**Task requirements**
Return the full listing unchanged, apart from leaving out its images.

[[ Data block, beginning ]]

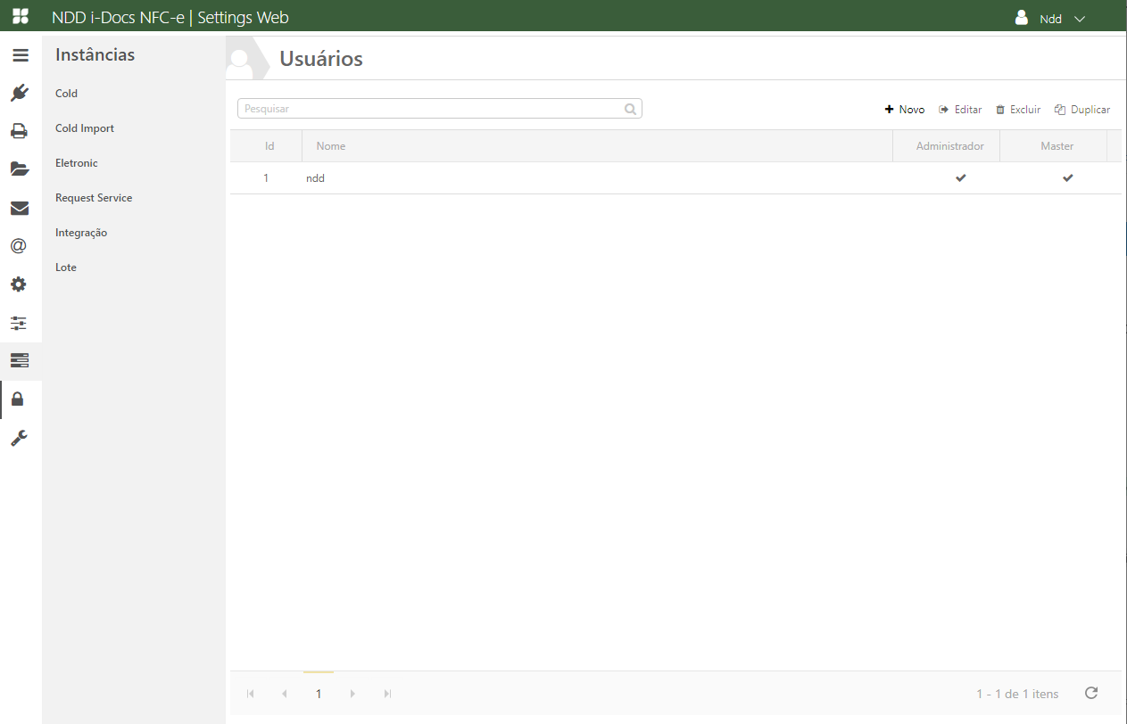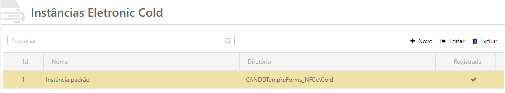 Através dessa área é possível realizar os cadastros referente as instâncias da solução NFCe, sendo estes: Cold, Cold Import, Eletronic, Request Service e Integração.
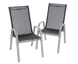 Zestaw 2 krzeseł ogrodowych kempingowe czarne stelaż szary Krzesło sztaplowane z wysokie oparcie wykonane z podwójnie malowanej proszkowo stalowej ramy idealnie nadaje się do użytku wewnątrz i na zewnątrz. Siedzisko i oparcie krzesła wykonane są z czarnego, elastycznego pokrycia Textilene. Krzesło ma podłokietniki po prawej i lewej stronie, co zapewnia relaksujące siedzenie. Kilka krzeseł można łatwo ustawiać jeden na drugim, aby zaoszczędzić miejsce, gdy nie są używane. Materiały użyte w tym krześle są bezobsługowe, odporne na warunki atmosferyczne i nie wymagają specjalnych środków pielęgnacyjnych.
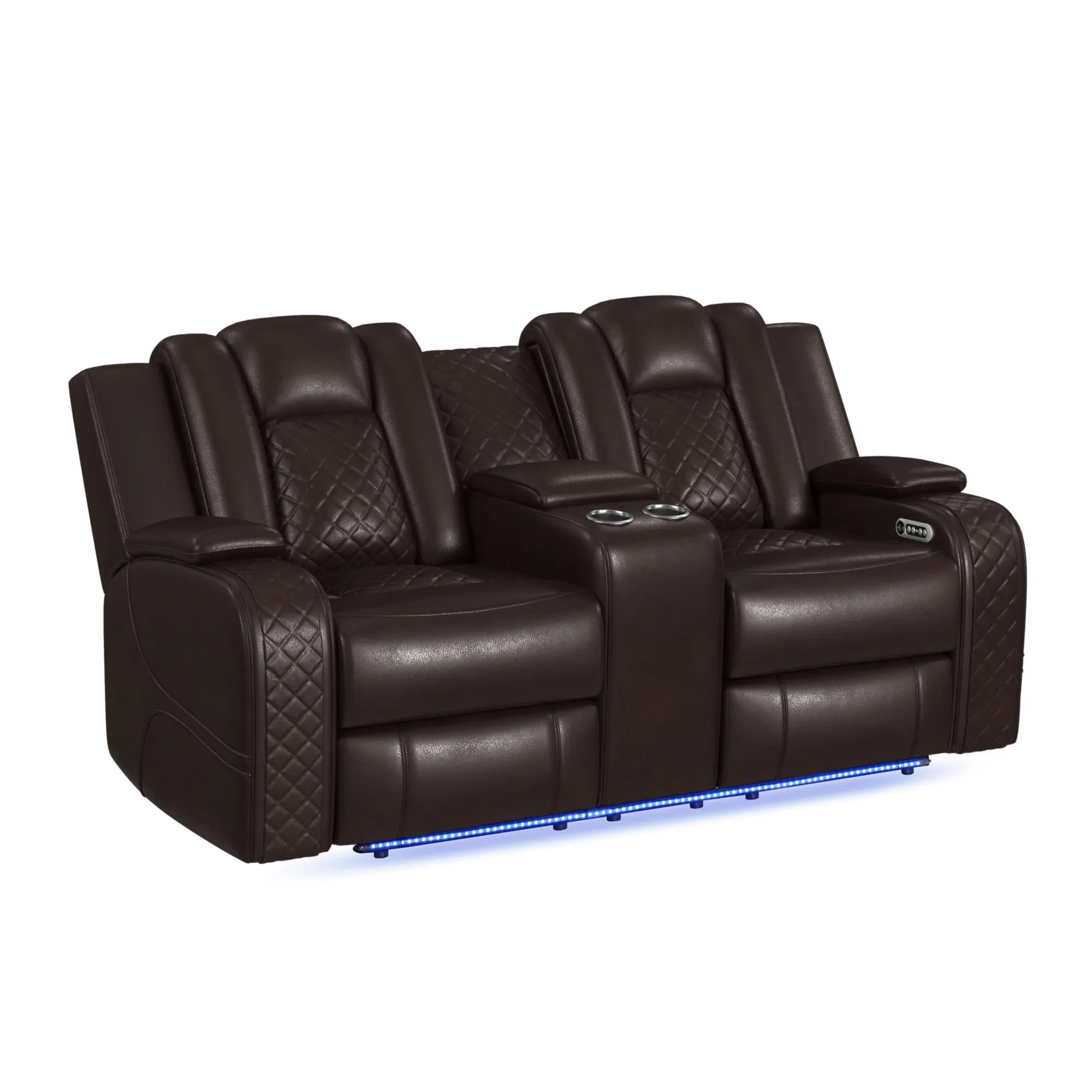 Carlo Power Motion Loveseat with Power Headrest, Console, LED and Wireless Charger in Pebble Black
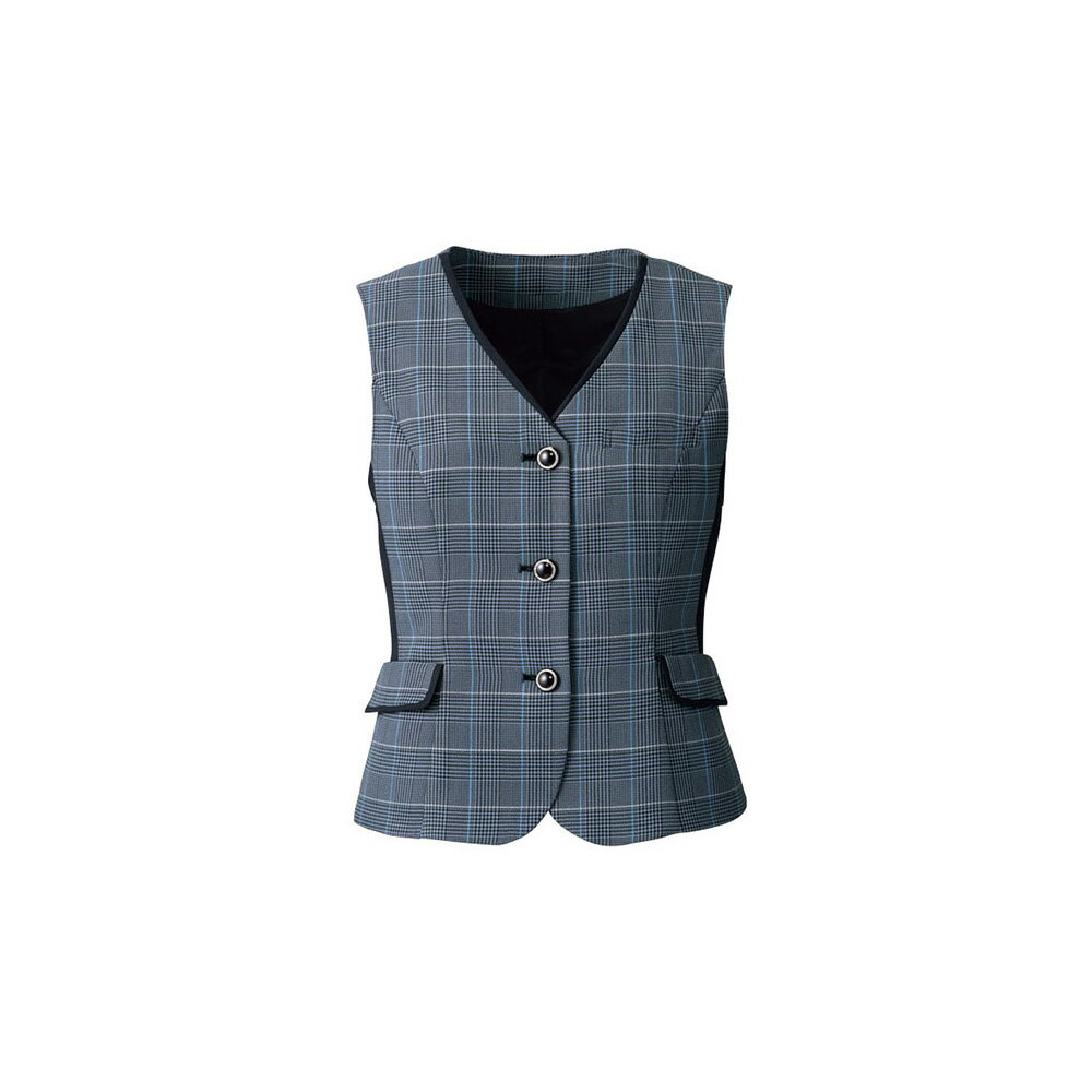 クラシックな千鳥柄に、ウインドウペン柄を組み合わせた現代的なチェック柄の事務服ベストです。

[[ Data block, end ]]

**Reply to the exercise**
 Através dessa área é possível realizar os cadastros referente as instâncias da solução NFCe, sendo estes: Cold, Cold Import, Eletronic, Request Service e Integração.
 Zestaw 2 krzeseł ogrodowych kempingowe czarne stelaż szary Krzesło sztaplowane z wysokie oparcie wykonane z podwójnie malowanej proszkowo stalowej ramy idealnie nadaje się do użytku wewnątrz i na zewnątrz. Siedzisko i oparcie krzesła wykonane są z czarnego, elastycznego pokrycia Textilene. Krzesło ma podłokietniki po prawej i lewej stronie, co zapewnia relaksujące siedzenie. Kilka krzeseł można łatwo ustawiać jeden na drugim, aby zaoszczędzić miejsce, gdy nie są używane. Materiały użyte w tym krześle są bezobsługowe, odporne na warunki atmosferyczne i nie wymagają specjalnych środków pielęgnacyjnych.
 Carlo Power Motion Loveseat with Power Headrest, Console, LED and Wireless Charger in Pebble Black
 クラシックな千鳥柄に、ウインドウペン柄を組み合わせた現代的なチェック柄の事務服ベストです。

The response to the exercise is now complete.